Get Ready For The Work Team Dumpster of Fall 2020

Managers, this is going to be bad, and you’re the only ones who can help even a little

Heads up: If you’re a manager, you manage managers, or you’re managed by a manager, you’re about to go through a buzz-saw this fall that could land your team straight in the dumpster.

Some time between last Monday and the Monday four weeks from now, the children of your team members are going back to school. In previous years that would have meant not scheduling meetings for back-to-school day, knowing that parents might have a weird schedule so they’d just catch up later in the day or week. This year, the first day of school is the first day of the apocalypse.

There are a few situations you can find your team members in:

Their kids are going back to school full-time “just like usual.” This sounds great, but within a month the virus transmission rate will be out of control and those kids will be home all day quarantining or sick, and will then do the rest of the school year remotely.

Their kids will be doing school remotely online. For kids older than 12, your team members won’t have to be with them constantly, but will still have to check to make sure they’re attending class. For kids younger than 12, your team member is going to have to facilitate a lot of the online school every day.

Their kids will be doing some truly cockamamie hybrid model involving being in school a few days a week and online learning the other days, which is going to be the worst of each of the two previous cases.

They’ll be homeschooling their kids without having an external organization delivering classes to the kids. In the Beforetimes, homeschooling while working full-time was a preposterous idea, but of all the Fall 2020 situations it’s actually the least bad for your team member and for you because of the combo of time required and flexibility.

You can see how this is all going to be impossible. And I’ve seen way too much out there about how this isn’t the fault/responsibility of employers to even acknowledge, let alone fix. But that’s both incorrect and stupid, because anyone who’s ever gotten into a fight with a toddler knows that the toddler always wins. Either right then or fifteen years later. If you, the manager, put your team members in the position of choosing the job or their kids, they can only choose their kids. (And even if they can make it look like they’re choosing the job, they’re done with you and will walk away the first chance they get. There’s a reason so many women leave jobs 1-2 years after coming back from maternity leave, but that’s a topic for a different piece.)

The best response is to pull as many unnecessary stressors off your team members as possible, so that they can pour everything they have left after dealing with the kid school stuff into doing their jobs well. That includes making it absolutely clear that kids and school are just givens to be worked around, the same as your organization and team works around laws and policies and certifications and everything else for the public good. The alternative is that your team members are so stressed out with too many responsibilities and with trying to apologize for their kids that they really can’t focus on their work at all and everyone loses.
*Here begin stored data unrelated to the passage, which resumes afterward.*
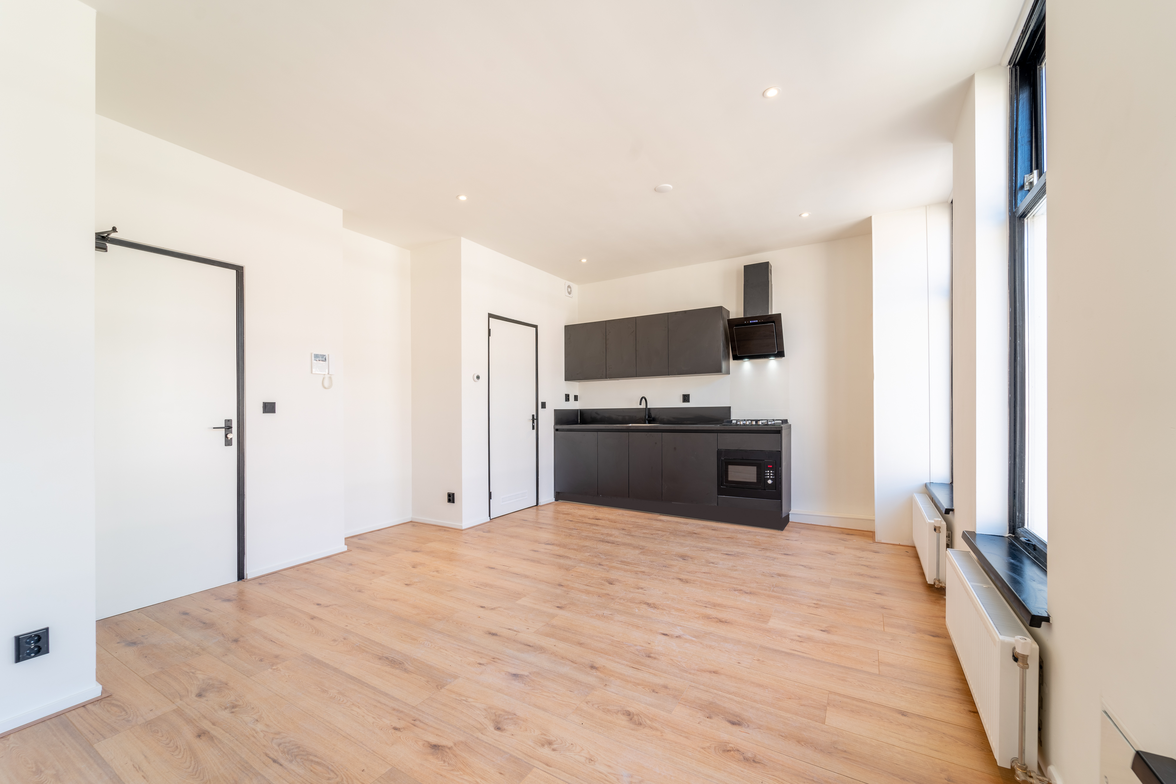 Through the studio’s front door, you enter the living room with an open kitchen of approximately 23 m². The kitchen is equipped with various built-in appliances, including an extractor hood, stove, fridge with freezer compartment, dishwasher, and a combination oven/microwave.
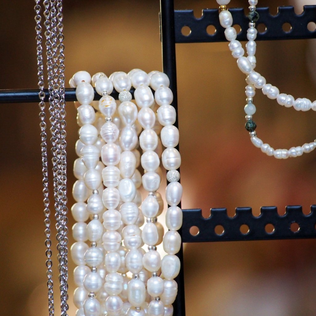 Co z něj dělá autorský kousek? Kombinace přírodních perel, ruční kompletace a malá omezená série. Nic sériového, nic anonymního.
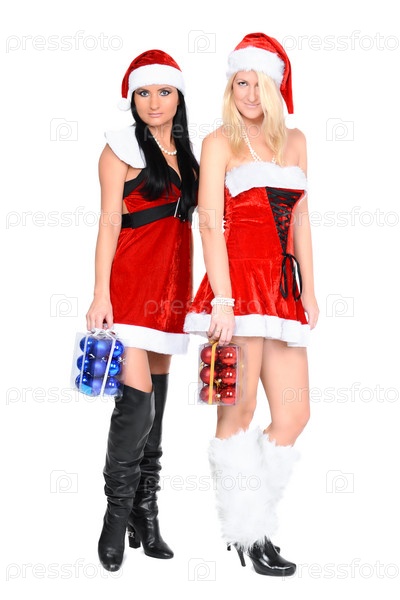 Девушки в новогодних костюмах с наборами рождественских украшений в руках
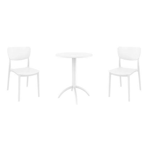 Transform your small outdoor area into a stylish space with Monna chairs and Octopus 24" round table 3 piece bistro set in white. Made from durable polypropylene resin, this bistro set is perfect for balconies, terraces, decks, patios, cafes and restaurants. Monna chairs feature a sleek and contemporary design that adds a touch of sophistication to any space. Octopus 24" round table provides plenty of room for two people to sit and enjoy a meal or drink together.
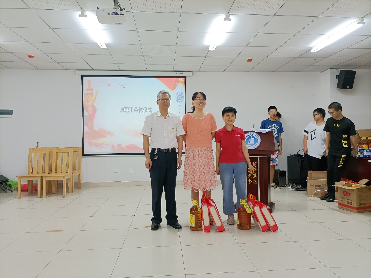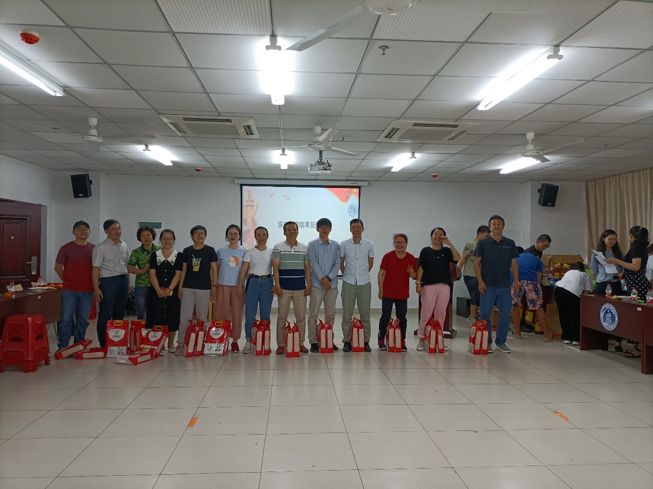 活动在全体教职工合唱“没有共产党就没有新中国”歌曲中拉开帷幕,党史知识问答和团队趣味活动交叉进行。党史知识问答活动中,教职工们积极思考,主动举手抢答,气氛热烈紧张而又愉快放松,“一大会址、中国共产党的最高理想和最终奋斗目标……”等党史知识更加深入人心;趣味活动中,教职工团结协作,斗志昂扬,奋力拼搏,展现了各自的风采,活动现场变成了欢乐的海洋,大家纷纷表示这些活动放松了身心,愉悦了心情,又提升了团队的合作能力。在活动中学院还举行了教职工荣休仪式。仪式上,康丽如、蔡锦红两位老师回顾了自己在学院工作的点点滴滴,表达了对工作的深深眷恋和对学院发展的祝福,现场的同事也纷纷送上了对两位老师的美好祝愿,邓秀成书记代表学院为他们送上了慰问品;在发奖环节,各个参加活动的教职工和团队都欣喜地收到了学院工会为大家准备的奖品,活动也在欢乐的气氛中落下了帷幕。
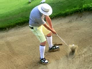 苦手っぽいバンカーショットも
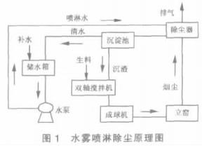 水泥立窯窯尾煙氣沿排煙管到達(dá)水霧噴淋器內(nèi)部, 噴淋噴霧可采用順噴、逆噴、斜噴等方式, 雖然逆噴有利于提高除塵效率, 但逆噴會(huì)對(duì)除塵產(chǎn)生較大阻力, 必須加裝風(fēng)機(jī)引射系統(tǒng)。所以一般采用順噴;宜蛛x器為重力沉降與布袋過濾, 布袋內(nèi)側(cè)的粉塵落入分離器底部, 再入雙軸攪拌機(jī)內(nèi)與水泥生料混合攪拌進(jìn)入成球機(jī)中成球。溢流的清水則返回儲(chǔ)水箱中, 由水泵繼續(xù)輸向噴嘴循環(huán)使用。

PSA: Managers who are already certified in the Tilmor Process for managing have been thinking about this for months, know exactly what situations all their team members are in, are in the middle of working on plans with everyone on their team to cut out things that don’t have a lot of value so that everyone can do their best work and respond to changes from all directions, and they and their team members are feeling like they’re working on it together instead of like adversaries. I’m happy to train your managers to use the process so this becomes just another thing in 2020 instead of a really big problem that causes hatred inside teams.

Yes, I know that there are organizations and managers that think an easy solution is to let go anyone with kids and just hire people who don’t have kids who need tending. Those people will learn. Using the approach of removing unnecessary stressors helps not just team members with kids, but also team members with older or vulnerable relatives or dependents, team members with health or mobility complications, and any team member who does better when they feel better in general.

Do this right now:

1. Schedule one-on-ones with all of your team members to talk about the school situation (even people who aren’t technically parents are affected by this, so definitely talk to everyone) and start figuring out solutions that actually work. Fair >>>>> equal.

2. What are all those extra (both meanings of “extra”) processes/systems/tasks/traditions/holdovers/whatever that you’ve always wanted to get rid of? Now’s your chance to suspend them during this coming school year. Next fall you can assess objectively and decide what to add back.

3. Wish this was all less drama? Ask your HR to put you through Tilmor Process certification and all these plans and communication and big thoughts just turn into part of your weekly routine with your team members and it becomes really difficult to shake you up.

You can do it. Your team members can do it. Your team members’ kids can do it. You will all have so many more skills and capabilities by this time next year. Stay proactive.